Nell’ultima stagione molte storie raccontate dalla televisione americana, e non solo, si sono concentrate sulla realtà. Trasfigurata nel passato, o traslata in un futuro prossimo, ma sempre per parlare di oggi.
“Qual è il prezzo delle bugie?”, si chiede Valery Legasov nel primo episodio della miniserie Chernobyl. “Il vero pericolo è che, se ne sentiamo abbastanza, poi non siamo più in grado di riconoscere la verità”. Realmente esistito, Legasov fu un chimico chiamato a contenere i danni del disastro nucleare avvenuto il 26 aprile 1986 e investigarne le cause. Fu uno degli eroi di Chernobyl, che lottò contro la propaganda sovietica per divulgare la verità, fino al suicidio avvenuto due anni dopo il disastro. Parliamo dunque di una serie che racconta un fatto avvenuto più di trent’anni fa, eppure quella posta dallo scienziato è una domanda che ha una certa risonanza oggi che viviamo nell’era della post-verità e della mistificazione: tra bufale, deepfake e teorie complottiste, spesso più diffusi della verità. La domanda di Legasov, che apre e chiude la serie, apprezzata da pubblico e critica, coglie allora un punto centrale oggi come ieri.

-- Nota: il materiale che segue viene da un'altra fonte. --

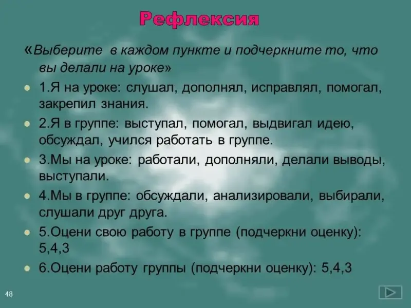 Слайд 48. Рефлексия: Оценивается работа каждого учащегося внутри команды.
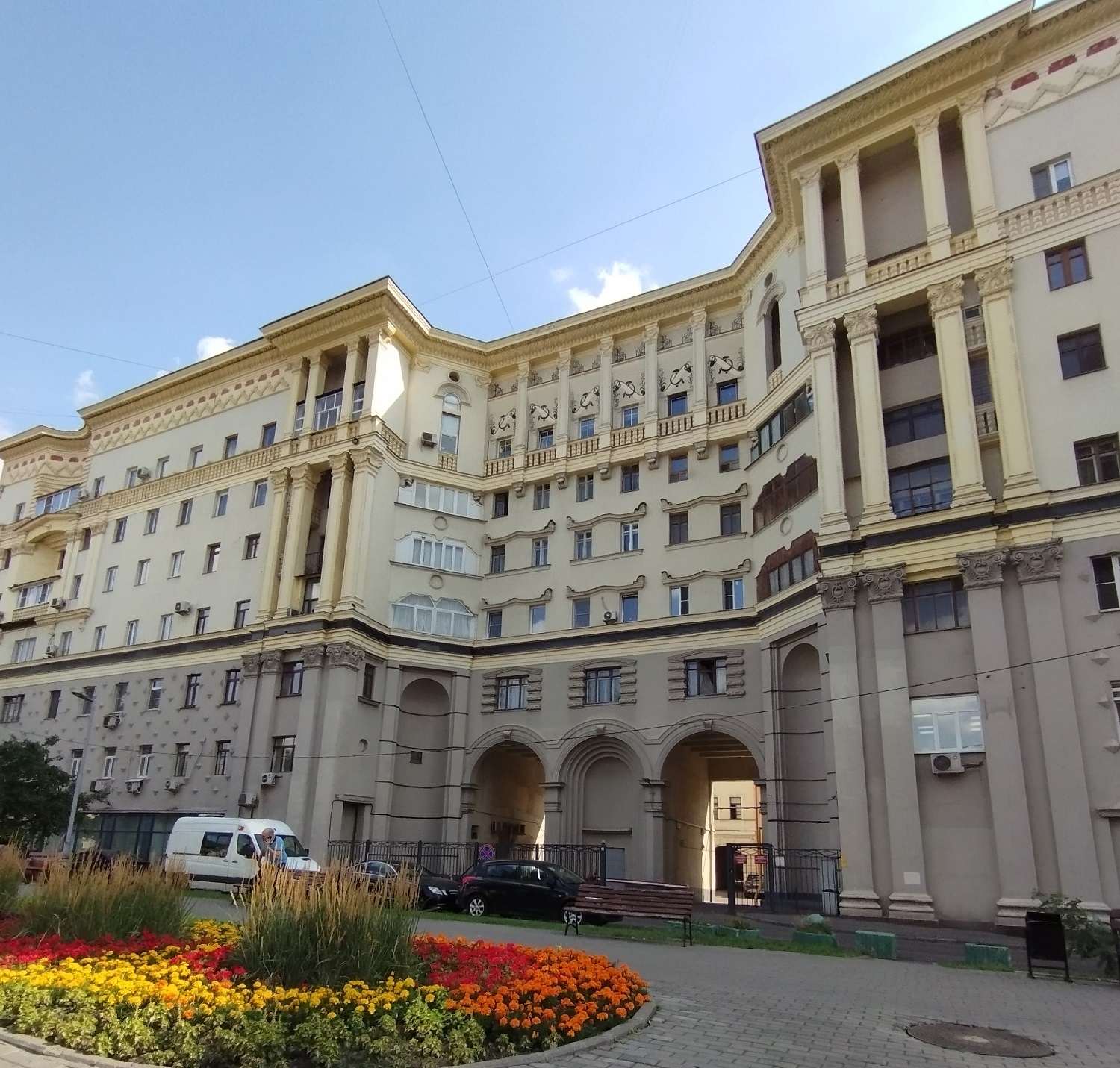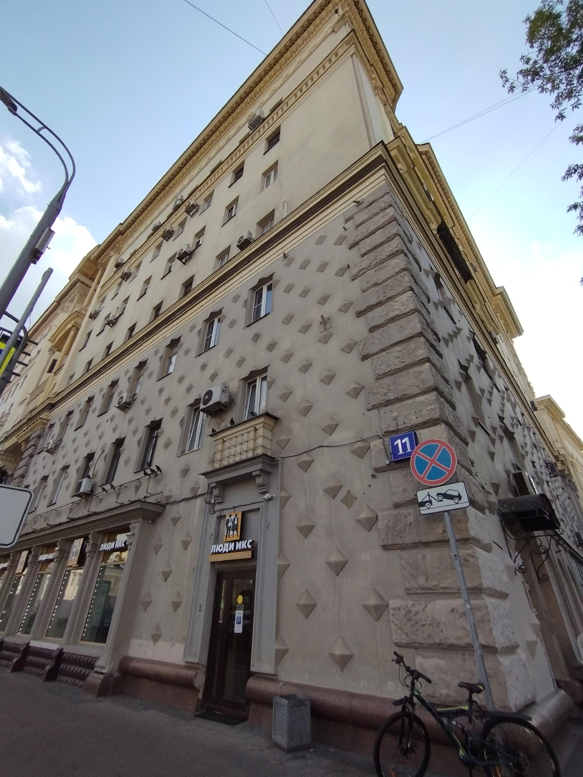 Огромный многоквартирный дом на проспекте Мира во владении № 7 – 11 был построен по проекту архитектора Д. Д. Булгакова в 1937-1944 годах для сотрудников Народного комиссариата связи СССР. Любопытная особенность здания – два парадных фасада. Один выходит на проспект Мира, другой смотрит на скверик, устроенный на месте снесённого в 1936 году старинного храма св. Адриана и Натальи. В соответствии с Генпланом Москвы 1935 года здесь, перпендикулярно 1-й Мещанской улице (проспекту Мира), должен был пролегать широкий проспект – дублёр Садового кольца. К счастью, этот проект так и не был осуществлён, хотя адриановская церковь всё же явилась его жертвой.

Ormai del resto lo si dice da un po’. La serialità è il medium che meglio è riuscito in questi anni a esprimere e rispecchiare lo spirito del tempo. Che si tratti di fantasy con draghi e morti che ritornano in vita o dramedy con millennial sessualmente disinibite e preti hot. Le serie televisive parlano di noi, delle nostre paure, desideri, aspirazioni; parlano della società e realtà che ci circonda, con i suoi problemi annessi e connessi. Nel 2019, in particolare, la serialità televisiva ha accorciato ulteriormente le distanze tra finzione e realtà, per ricostruire il reale, raccontare il presente e persino immaginarlo.
Il pericolo delle bugie
Chernobyl, per esempio, dice molto sul presente. La serie tv di Hbo e Sky, creata da Craig Mazin, ripercorre la più grande catastrofe nucleare della Storia, le conseguenze devastanti e le complicate indagini ostacolate dal governo sovietico, più interessato a preservare la sua immagine di potenza nucleare che a salvare vite umane. Oltre allo scienziato Valery Legasov, tra i protagonisti principali c’è anche Ulana Khomyuk, fisica nucleare sovietica, che incarna la ricerca della verità e i valori della conoscenza e competenza, mentre indaga e interroga uno a uno i possibili colpevoli, fino a farsi arrestare dal Kgb (i servizi segreti sovietici) perché diventata troppo scomoda. Come Legasov, anche Khomyuk capisce subito la portata del pericolo delle radiazioni ma non viene creduta, suscitando una reazione di sufficienza e scetticismo da parte di politici e funzionari incompetenti non dissimile da quella che scatena il riscaldamento globale. “Possiamo raccontarci storie su come il cambiamento climatico non è reale. Al clima non importa. Alle alluvioni non importa”, ha detto lo showrunner Craig Mazin, “Al reattore nucleare a Chernobyl non importava che i sovietici insistessero sul fatto che fosse privo di difetti. Ha solo fatto quello che fa. Voglio che le persone inizino a fare i conti con questo. La verità non è un gioco”.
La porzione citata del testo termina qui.